▶ _Task directions_: Make an exact copy, without pictures, of the lines below from the one containing "Judy Blue - Calça" to the last line, both ends included.

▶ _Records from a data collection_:
--
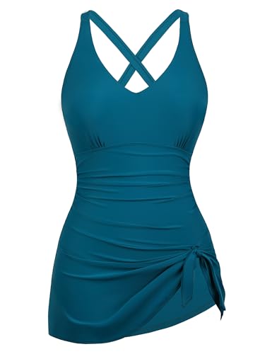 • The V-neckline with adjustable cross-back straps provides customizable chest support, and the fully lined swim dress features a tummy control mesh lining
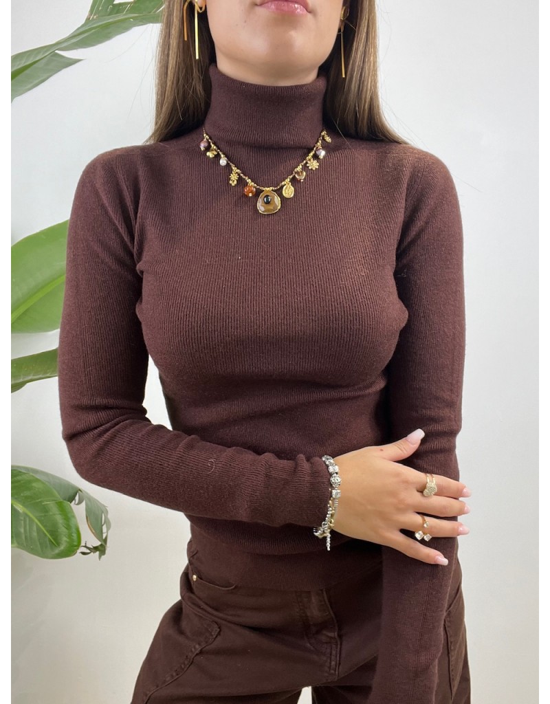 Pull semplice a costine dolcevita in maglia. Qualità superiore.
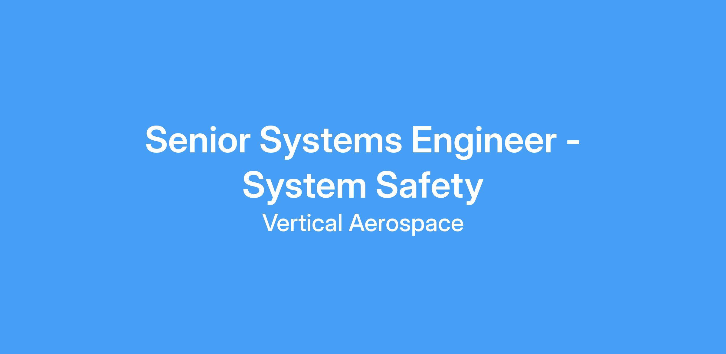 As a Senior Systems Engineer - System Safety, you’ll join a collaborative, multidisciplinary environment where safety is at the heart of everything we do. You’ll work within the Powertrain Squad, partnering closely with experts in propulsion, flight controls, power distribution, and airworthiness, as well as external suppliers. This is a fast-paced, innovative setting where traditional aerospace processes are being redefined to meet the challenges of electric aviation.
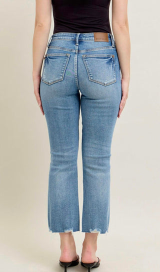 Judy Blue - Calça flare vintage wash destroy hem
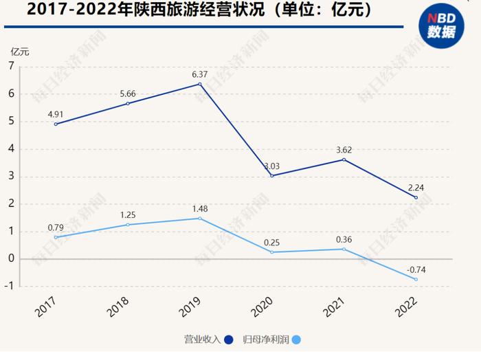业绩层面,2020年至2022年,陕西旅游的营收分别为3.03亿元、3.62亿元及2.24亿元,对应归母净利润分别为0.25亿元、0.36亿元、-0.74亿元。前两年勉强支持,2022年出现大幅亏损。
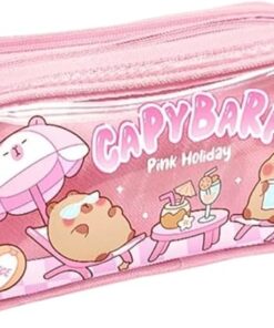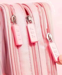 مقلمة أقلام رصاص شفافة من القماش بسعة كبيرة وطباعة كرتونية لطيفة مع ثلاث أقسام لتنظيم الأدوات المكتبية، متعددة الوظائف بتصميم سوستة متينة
--
▶ _Response box_:
 Judy Blue - Calça flare vintage wash destroy hem
业绩层面,2020年至2022年,陕西旅游的营收分别为3.03亿元、3.62亿元及2.24亿元,对应归母净利润分别为0.25亿元、0.36亿元、-0.74亿元。前两年勉强支持,2022年出现大幅亏损。
 مقلمة أقلام رصاص شفافة من القماش بسعة كبيرة وطباعة كرتونية لطيفة مع ثلاث أقسام لتنظيم الأدوات المكتبية، متعددة الوظائف بتصميم سوستة متينة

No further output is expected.